Last week, the California Public Utility Commission (CPUC) finalized an important decision for Southern California’s energy supply following the closure of the San Onofre Nuclear Generating Station (SONGS). The plan emphasizes increased reliance on clean energy in this part of the state – an important step towards a fully realized low-carbon future.
The decision authorized San Diego Gas and Electric and Southern California Edison to procure at least 550 megawatts (MW) of ‘preferred resources,’ which include renewable energy, demand response (a tool that’s used by utilities to reward people who use less electricity during times of “critical,” peak electricity demand), energy efficiency, at least 50 MW of energy storage, and up to 1,000 MW of these resources altogether.
That’s a major step forward, as utilities across the country traditionally rely on large fossil fuel plants to meet regional demand.
However, the CPUC also authorized the procurement of 1,000 MW of power from natural gas generation, demonstrating that Southern California still has a ways to go to reach its clean energy potential.

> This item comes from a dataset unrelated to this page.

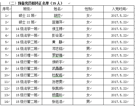 5月17日,学院党委会议对各支部上报的党员发展和预备党员转正名单进行审议,王碧莹等17名同学通过预审,拟发展为中共预备党员,拟将刘灿灿等15名同学转为中共正式党员。具体名单如下:

In the proposed decision last week, the CPUC recognized the need for a diverse and flexible portfolio of energy tools and resources. By emphasizing the potential of demand-side energy resources to meet Southern California’s reliability needs, the CPUC has essentially launched a new era in the state’s transition to a cleaner, more resilient energy future.
The CPUC should be commended for including ‘preferred resources’ (such as renewable power and energy efficiency) in its decision, and for recognizing the important role demand response resources can play to meet California’s energy needs following the loss of SONGS. Going forward, the CPUC and the utilities should go one step further by seeking to expand and maximize the role of demand response policies – which rely on people, not power plants, to meet electrical demand – including voluntary time-of-use (TOU) pricing in securing the state’s energy future.
Time of use rates, for example, put power in the hands of the customers to determine whether power plants are needed by pricing electricity based on the time of day it is used. By linking awareness of the cost of energy with smart displays and thermostats, these rates can make a big difference in the need for power plants – and lower your bills, one power plant at a time. As EDF described in our comments on the proposed decision, if 20 percent of Southern California Edison’s ratepayers adopted voluntary TOU, peak demand would fall by almost 630 megawatts (“MW”), about a third of SONGS capacity.
In fact, if half of Southern California Edison’s residential ratepayers adopted a voluntary TOU electricity pricing structure, this could replace two-thirds of the SONGS’ lost capacity, saving $357 million per year. By including increasing demand response resources, such as TOU, in the CPUC’s long-term plans, the state can avoid being locked into environmentally risky – and expensive – fossil fuels.
By replacing a chunk of capacity from SONGS with renewable energy, energy storage, demand response, and other smart energy resources, the CPUC highlights an important priority for the state in the coming decades. This should be the beginning, not the end, of Southern California’s push to adopt preferred resources and diversify its energy mix in order to usher in a clean, sustainable, and healthy future.